■ **PROVIDED DATA**:
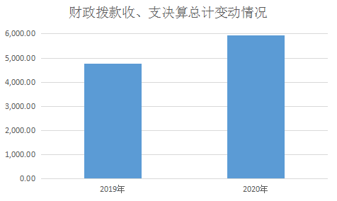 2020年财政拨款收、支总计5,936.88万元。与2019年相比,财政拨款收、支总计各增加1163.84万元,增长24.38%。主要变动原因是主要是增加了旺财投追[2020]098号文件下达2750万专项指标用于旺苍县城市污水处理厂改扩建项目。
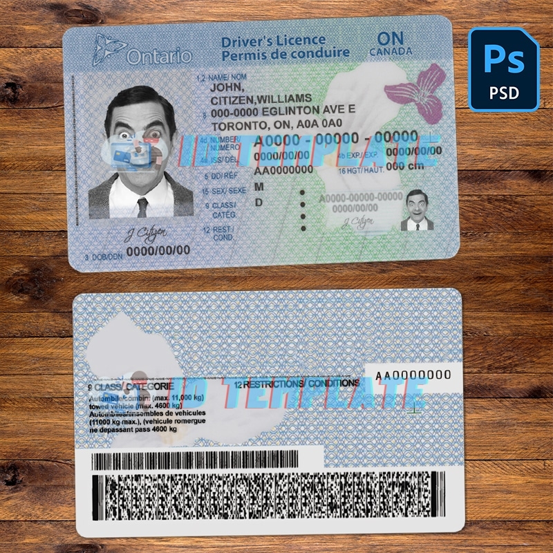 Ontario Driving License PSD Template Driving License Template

--

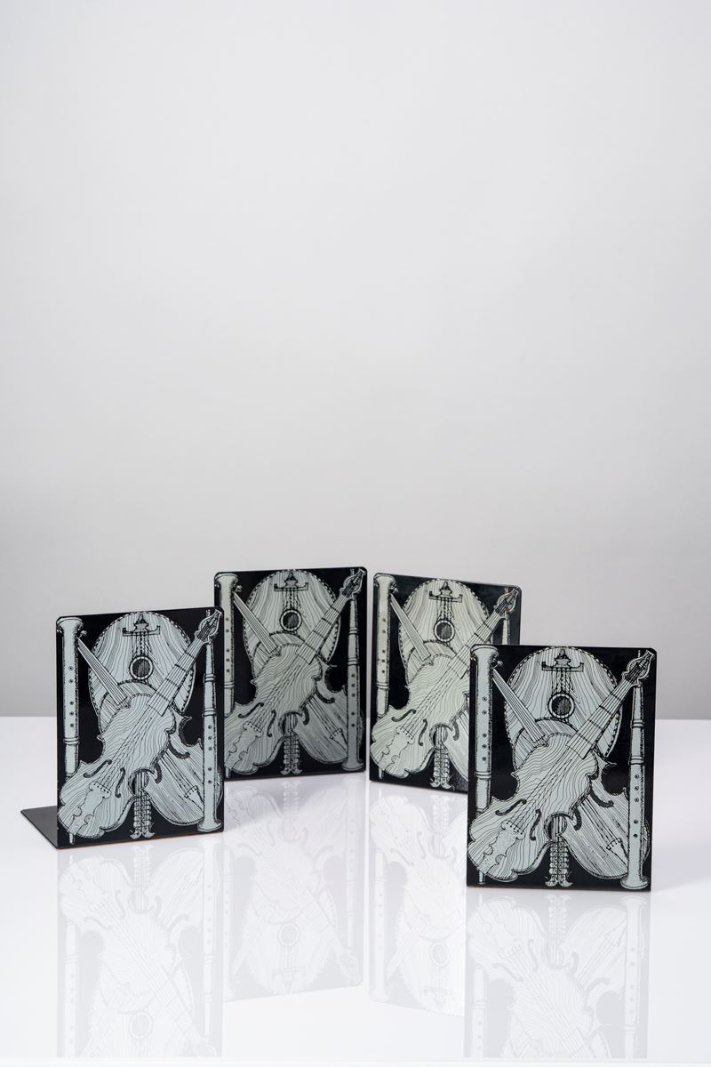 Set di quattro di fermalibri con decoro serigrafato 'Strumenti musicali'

■ **THE PROBLEM**: Your reply should consist solely of the lines above from the line containing "2020年财政拨款收、支总计" up to and including the line containing "Ontario Driving License", reproduced exactly, minus the pictures.

■ **SOLUTION TO THIS EXERCISE**:
 2020年财政拨款收、支总计5,936.88万元。与2019年相比,财政拨款收、支总计各增加1163.84万元,增长24.38%。主要变动原因是主要是增加了旺财投追[2020]098号文件下达2750万专项指标用于旺苍县城市污水处理厂改扩建项目。
 Ontario Driving License PSD Template Driving License Template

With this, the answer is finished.